Palla started his SDSC internship with a Microsoft Azure Accelerator project, in which, Cui said that, Palla “single handedly completed the installation of code, compiler and the environment, for the experiment of end-to-end simulation pipeline in the cloud.”
“It is truly inspiring to realize the substantial impact of my work, especially as an undergraduate student, having the rare opportunity to run code on thousands of GPUs on some of the world's fastest supercomputers."
Also involved in supporting a nonlinear earthquake simulation running on nearly a half million of CPU cores, Palla created the visualizations of the Big One along the San Andreas Fault.

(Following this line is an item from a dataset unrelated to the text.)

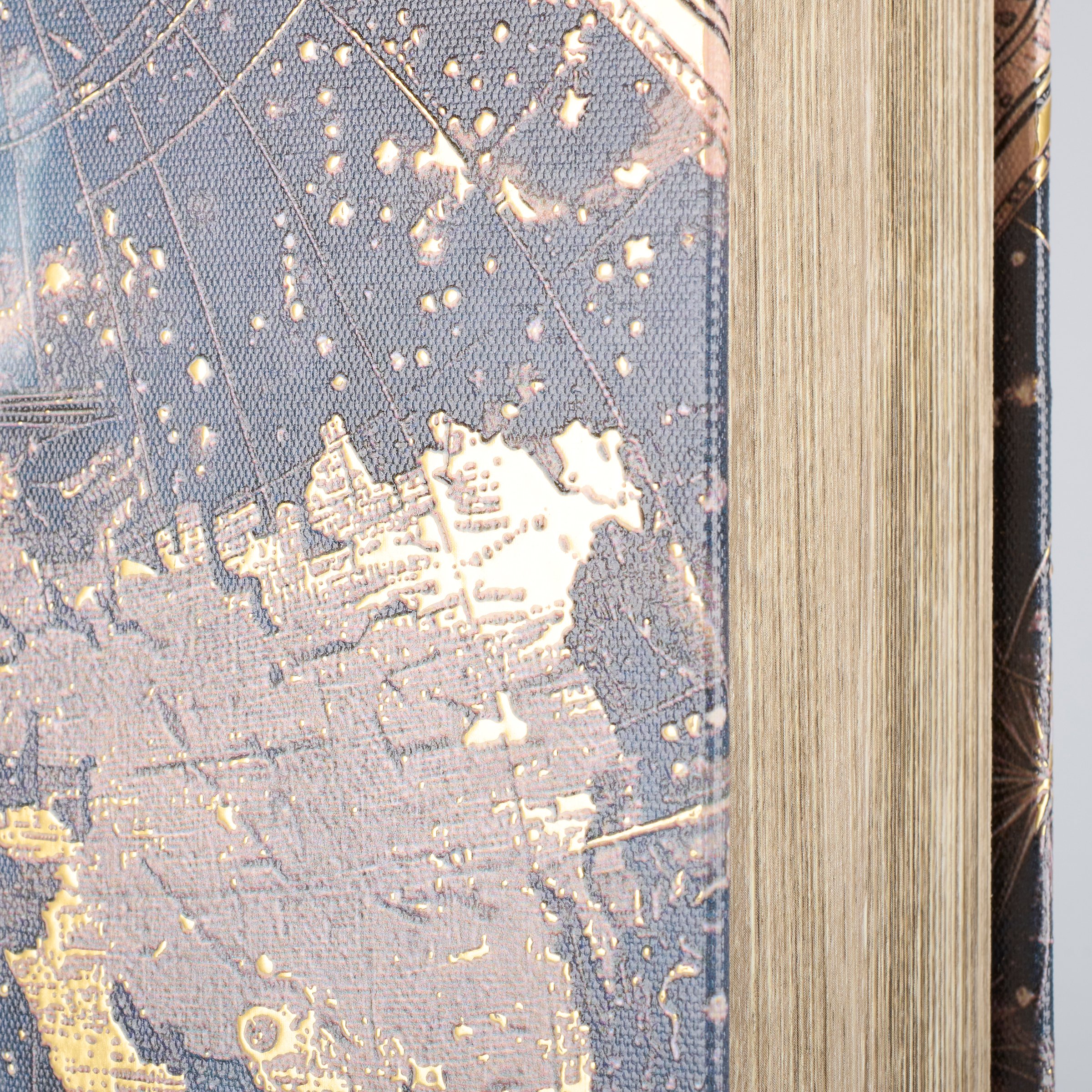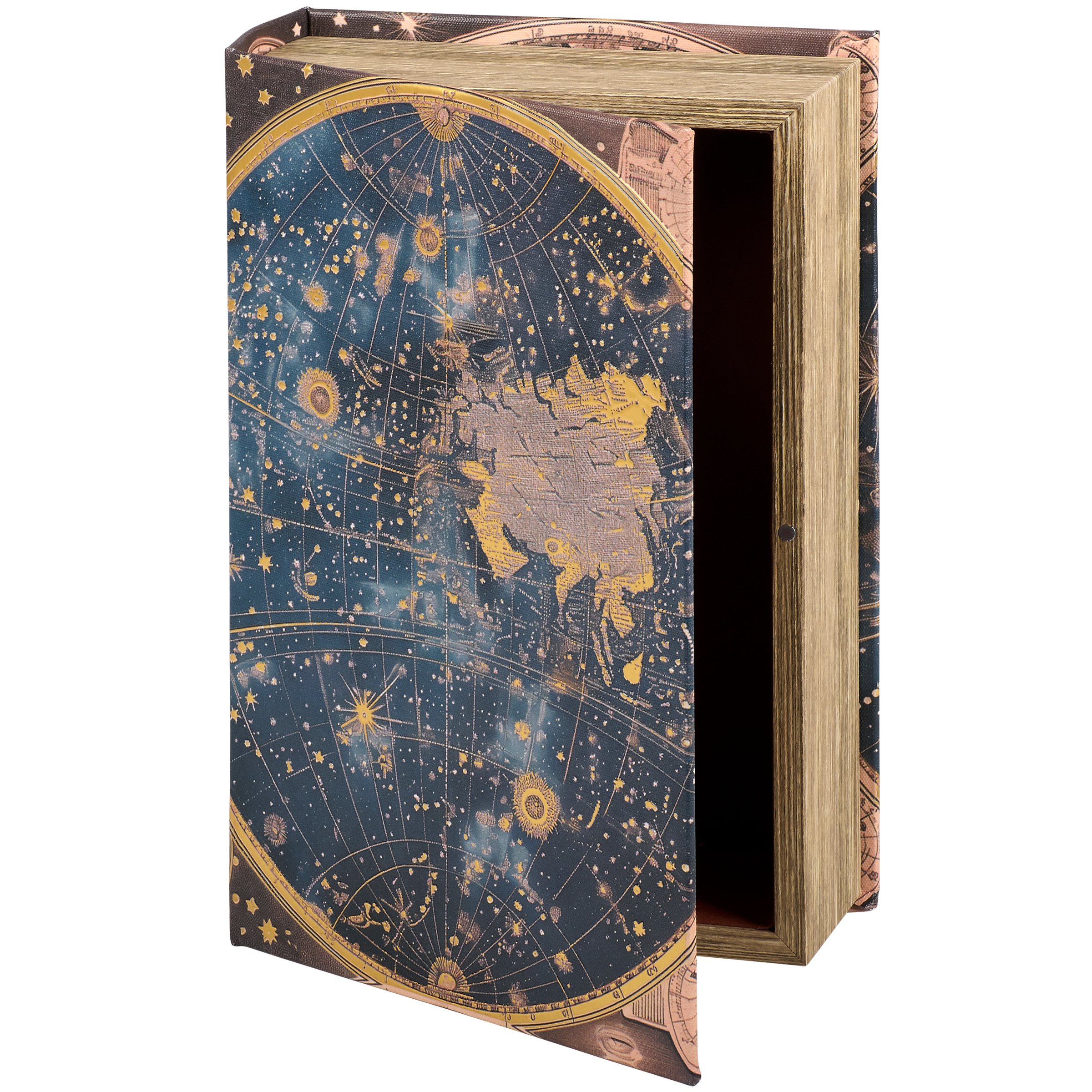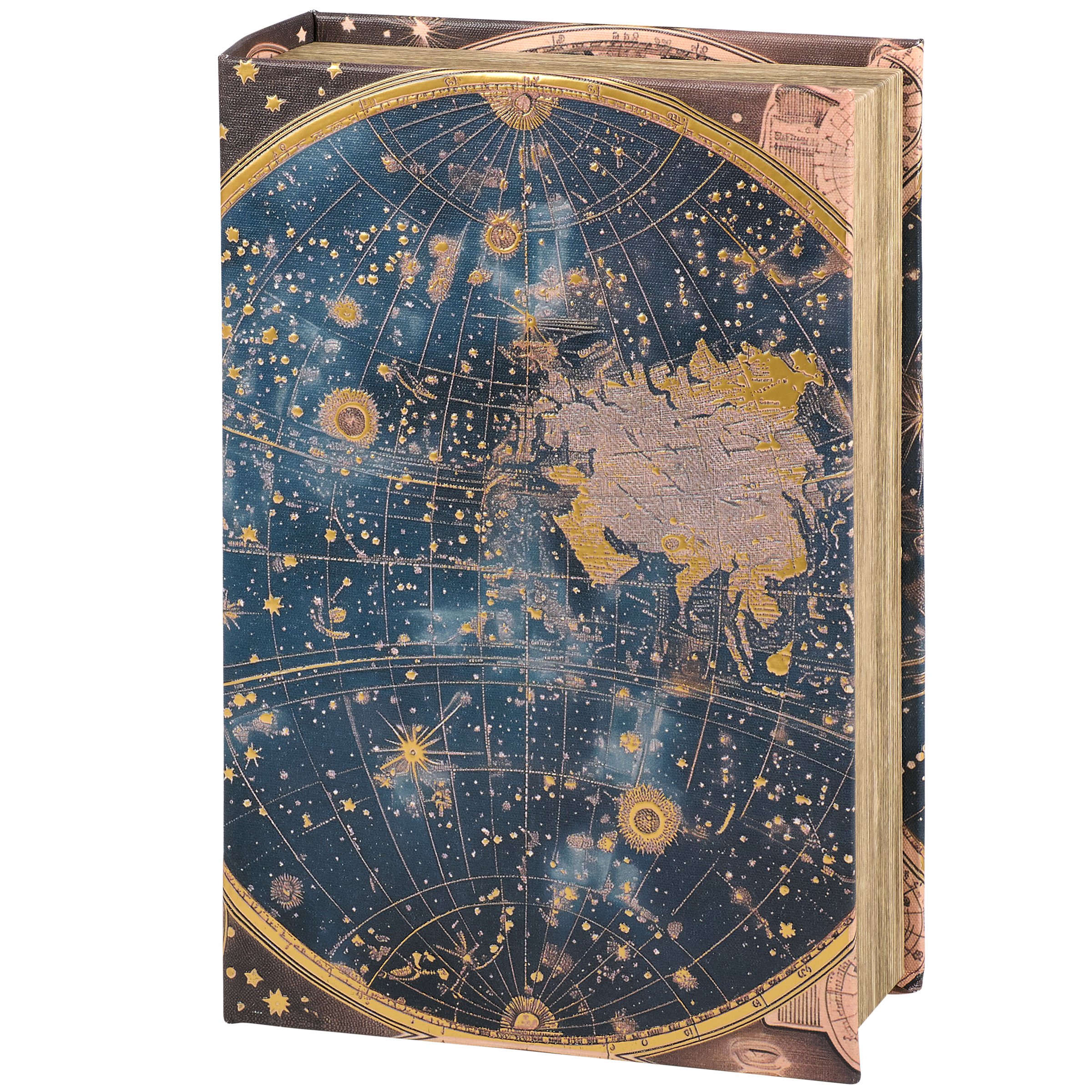 A decorative box from our Mystical Collection displaying a book design inspired by celestial maps. Decorative book box features a soft fabric wrap displaying the exterior of a vintage book with a detailed celestial maps and charts. Celestial book box also features embossed details for added dimension. Front cover opens to reveal a velvet lined space for storing items with a magnet closure for secure storage when standing up. Our Mystical book box can be used upright on a bookshelf or laid flat with the cover open displaying decorative accents inside. A stylish home accent perfect for storing keepsakes or for everyday home décor displays.

Most recently, Pala has ported and optimized a state-of-the-art earthquake simulation code on Frontier. “Palla’s work, such as the one on Frontier involving complex surface topography and detailed underground structures, made possible of petascale 3D wave propagation simulations of earthquake ground motions on the system, where quadrillions of calculations per second were achieved,” Cui said. “We recently presented this work at annual meetings for the National Science Foundation CSSI project and for the Statewide California Earthquake Center (SCEC).”
In addition to his experience at SDSC, this summer Palla has been working as a software engineering intern for Roblox where he utilizes several packages for infrastructure and observability tasks.